AK Parti öncülüğünde bir hükümetin oluşumu için muhalefet partilerinin kapıları kapatmadan gayret sarf etmesi gerektiğini vurgulayan Davutoğlu, "Muhalefet parti liderlerine bir kez daha sesleniyorum. Heybelerinde ne varsa hepsini ülkemizin geleceği için paylaşmak üzere ortaya koysunlar. Hepimiz heybemizdekiler ortaya koyalım. Bu ülkenin kaybedecek bir saniye dahi vakti yok. Onun için zamana oynamak, sürekli kapıları kapatmak ya da değişik alternatifler üzerine yeni senaryolar yazmaktansa bir an önce AK Parti öncülüğünde bir yeni hükümetin oluşumu için gayret sarfetmek durumundayız. Evet, bu hükümet AK Parti öncülüğünde kurulacak. Sayın Cumhurbaşkanımızın hükümeti kurma görevini tarafıma tevdi etmesinden bu yana yaptığım bütün görüşmelerde gönlümüzün zihnimizin Türkiye'deki her bir vatandaşımıza hangi partiye oy vermiş olursa olsun her bir kardeşimize ve bütün parti yetkililerine açık olduğunu ifade ettik ve bunun gereğini de yaptık. İnşallah bayramdan sonra bu görüşmelere devam edeceğiz. Önümüzdeki salı günü parti organlarımızda ilk tur temaslarla ilgili istişareler yapacağız. Grubumuzda değerlendirmeler yapacağız. Bakanlar Kurulu hiçbir vakit kaybetmeksizin ülke hizmetine devam edecek. Ümit ederiz ki en kısa zamanda milletimizin desteğini almış bir hükümet kurmak nasip olur. Bunun için bütün partilerin aynı iyi niyetle çalışması lazım" açıklamasında bulundu.

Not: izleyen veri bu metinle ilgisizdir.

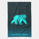 Una representación simple, brillante, como de neón de un oso Kodiak. Inspirado por las auroras boreales. Personalizar agregando su propio texto. El oso Kodiak (ursus arctos middendorffi), una subespecie del oso marrón o pardo, son los osos más grandes del mundo. Un macho adulto puede tener más de 10 pies de altura cuando está erguido sobre sus patas traseras y pesa más de 1500 libras -verdaderamente un espectáculo para contemplar. Se estima que un oso en el zoológico de Bismarck del Norte pesó hasta 2400 libras. Los osos viven en las islas del archipiélago Kodiak de Alaska. Hoy en día hay aproximadamente 3500 osos de Kodiak y su número está aumentando debido a las excelentes condiciones de su hábitat, incluido el puño suficiente para comer. Se les llama "takuka-aq" en Alutiq, la lengua de la gente nativa de esa zona. Se cree que los osos han estado aislados allí desde finales de la última Edad de Hielo hace más de 12,000 años. Aunque son el carnívoro terrestre más grande, su dieta incluye grandes cantidades de hierba, otras plantas y bayas. Hoy en día hay aproximadamente 3500 osos de Kodiak y su número está aumentando debido a las excelentes condiciones de su hábitat, incluyendo peces suficientes para comer. Debido a la abundancia de recursos alimenticios, los osos de Kodiak tienen rangos domésticos más pequeños que cualquier otro oso pardo y no tienen necesidad de defender territorios. El pueblo de Alutiq cazaba osos por comida, ropa y herramientas. Las flechas, las lanzas y una gran cantidad de coraje eran necesarios para el equipo de caza. Por lo general, las cabezas de oso se dejaban en el campo como señal de respeto al espíritu de los osos.
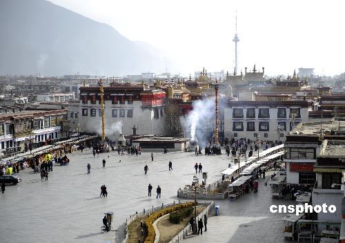 2月24日,中國藏歷年三十,大昭寺廣場一派祥和氣氛,迎接藏歷新年的到來。中新社發 廖攀 攝
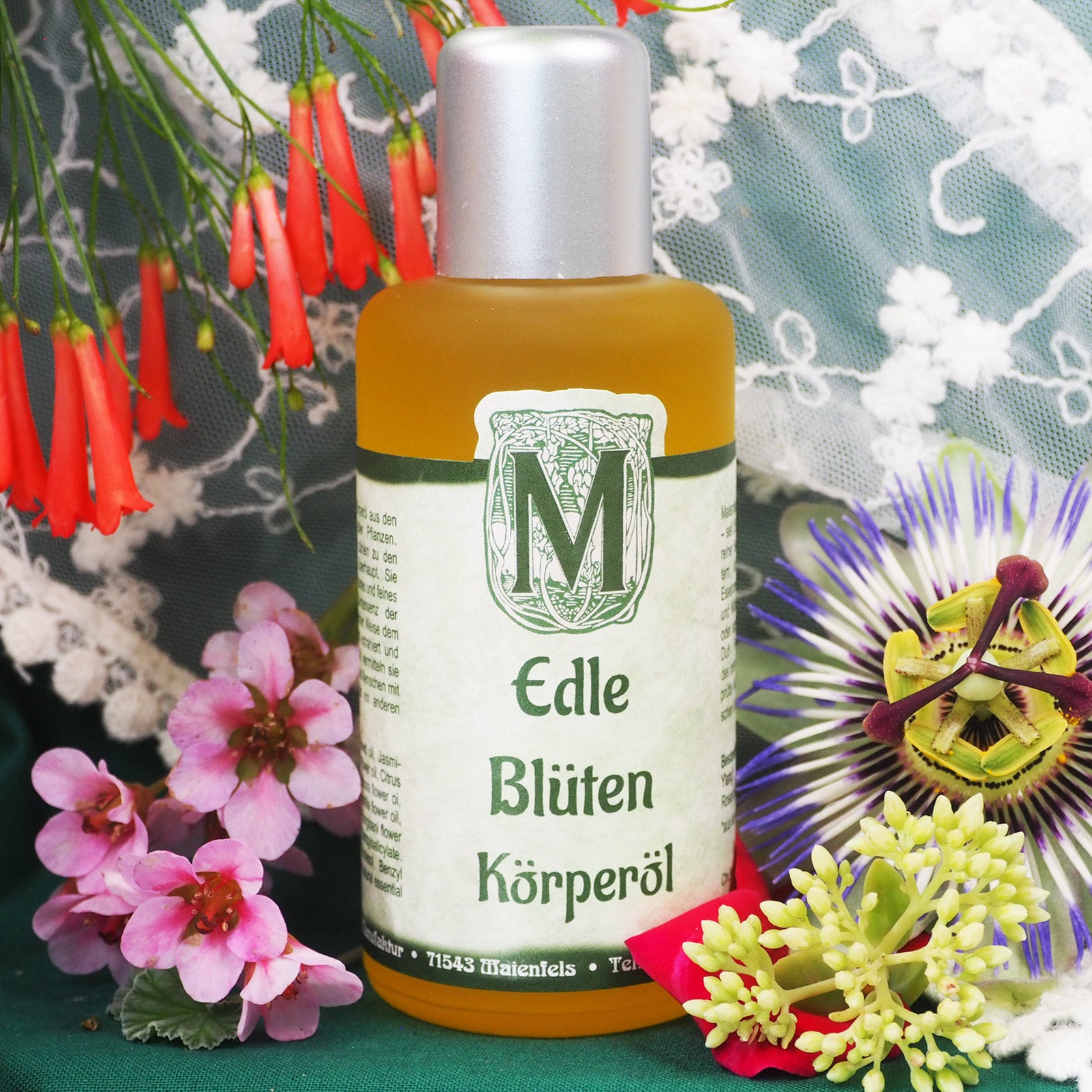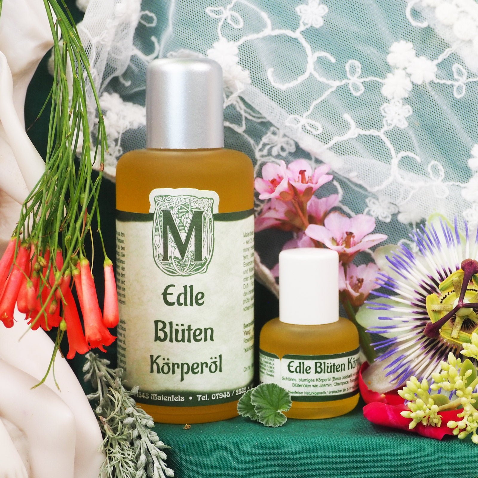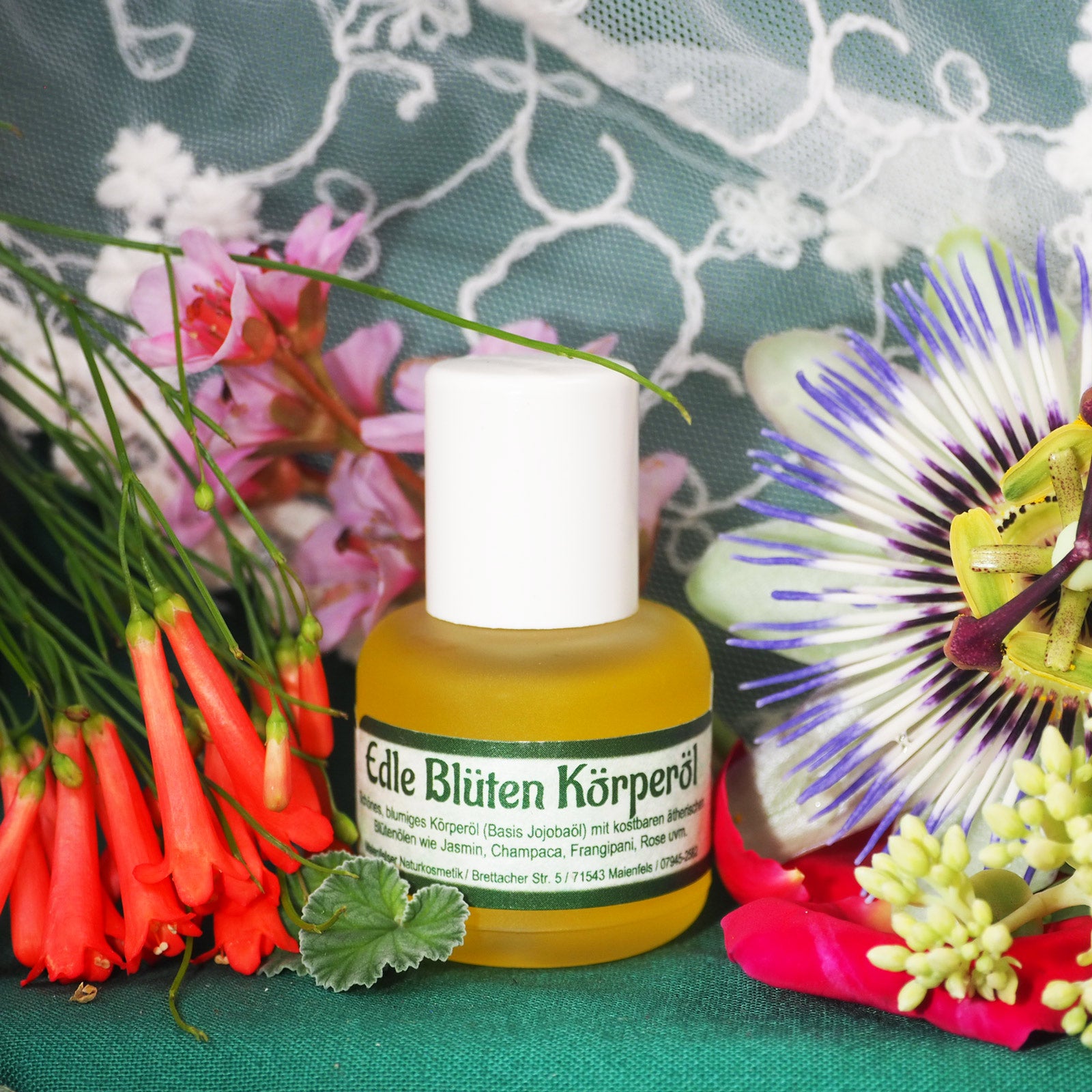 Schönes, blumiges Körperöl aus kostbaren Blüten von edlen Pflanzen. Ätherische Blütenöle zählen zu den teuersten Extrakten überhaupt. Sie übermitteln durch ihr zartes und feines Blütenaroma die Quintessenz der Natur in unnachahmbarer Weise dem Menschen. Schonend destilliert und gebunden in Jojobaöl, schenken sie ein Gefühl der Lebensfreude und Symbiose des Menschen mit der Natur. Rein und natürlich, ohne Zusatz von anderen Pflanzenölen oder synthetische Parfümbillig-Imitationen. Dominierend ist die Jasminblüte im Verbund mit der indischen Magnolie (Champaca). Unterstützt von der Tuberose (Nachthyazinthe) und der Frangipaniblüte vereinigen sich die Blüten des Ylangbaumes und der feinen Orangenblüte. Natürlich fehlen weder die Rose noch der Lavendel, auch die Kamille beteiligt sich am bunten Blütenreigen.
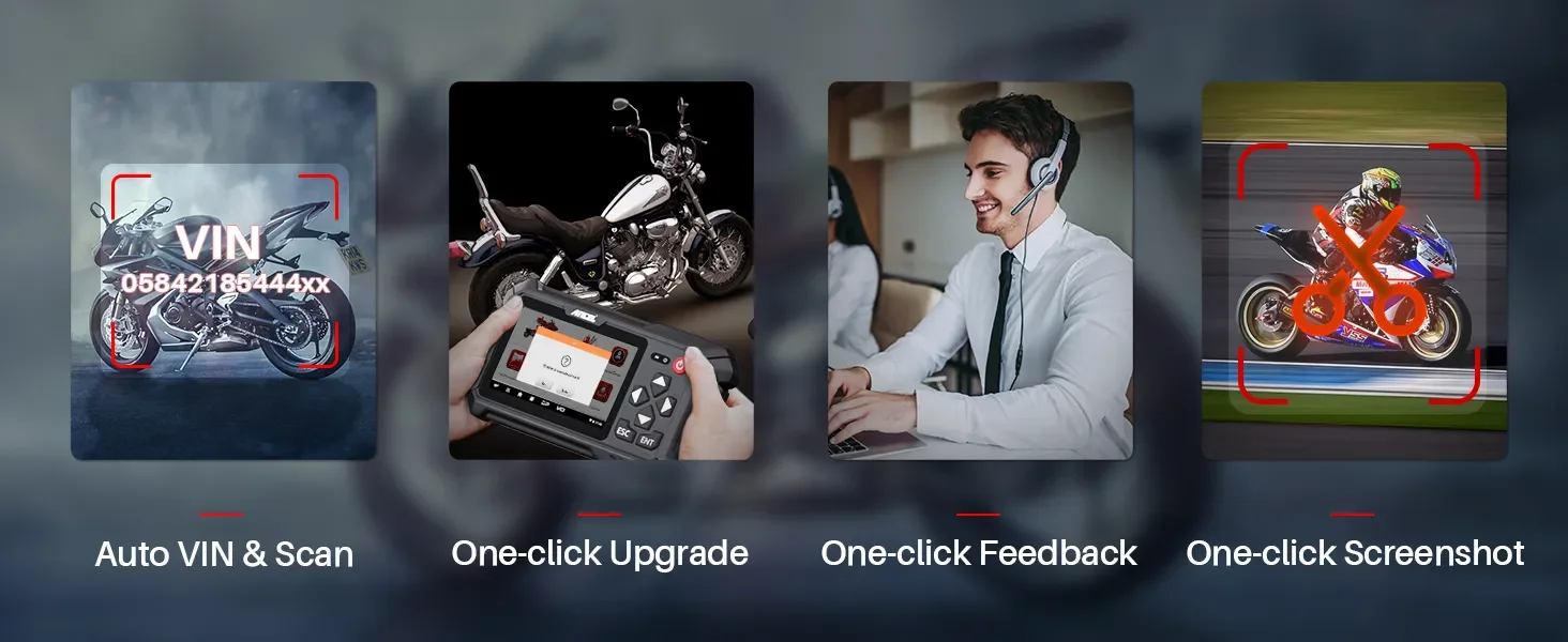 MT510 motorcycle obd2 scanner diagnostic tool is specially designed for motorcycle. This motorcycle scan tool can perform thorough diagnostics on all available systems, read/clear codes, read vehicle information, data stream display and playback, turn off warning lights such as ABS/Engine/Transmission/SAS/ESP/EPB/TPMS, etc. Allowing you to easily troubleshoot the fault problem of your motorcycle.

"DÖRT PARTİNİN LİDERLERİ OLARAK ORTAK BİR DEKLARASYONA İMZA ATALIM"

Muhalefet partisi liderlerine teröre karşı ortak bir tutum sergilemek adına dörtlü bir deklarasyona imza atma çağrısında bulunan Davutoğlu, "Bu bayram gününde bir kez daha bütün partilere geçtiğimiz gün yaptığım teklifi tekrar ediyorum. Türkiye'nin her yerinde bayram neşesi var. Şiddet yok. Terör yok. Çevre ülkelerde yaşanan etnik ve mezhep çatışmalarını Türkiye'ye taşımak isteyenlere, fitne hesabı yapanlara da söylüyorum. Çevredeki ateş çemberinin içinden Türkiye barışla, istikrarla ve kalkınmayla çıkacaktır. Bu çerçevede de bütün partilere çağrımız şudur, özellikle de HDP'ye. Şiddet ile terör ile aralarına mesafe koymak durumundalar. Gelin hep beraber dört partinin liderleri olarak ortak bir deklarasyona imza atalım ve diyelim ki Türkiye'de demokrasinin en iyi yaşandığı bu ülkede genel seçimler gerçekleştikten sonra artık dört parti de ortak olarak şiddete ve teröre karşı barışın demokrasinin adaletin ve bu ülke kalkınmasının yanında ve önünde olacaktır. Güçlü bir iradeyle Meclis'te temsil hakkı kazanmış bütün partilerin yan yana gelip şiddete ve teröre karşı tavır sergilemesinin vakti gelmiştir. Her türlü silahlanmaya karşı her türlü terör ve şiddet eylemine karşı 78 milyonun tek bir vücut olma zamanı, vakti gelmiştir. AK Parti buna da öncülük yapmaya kararlıdır" dedi.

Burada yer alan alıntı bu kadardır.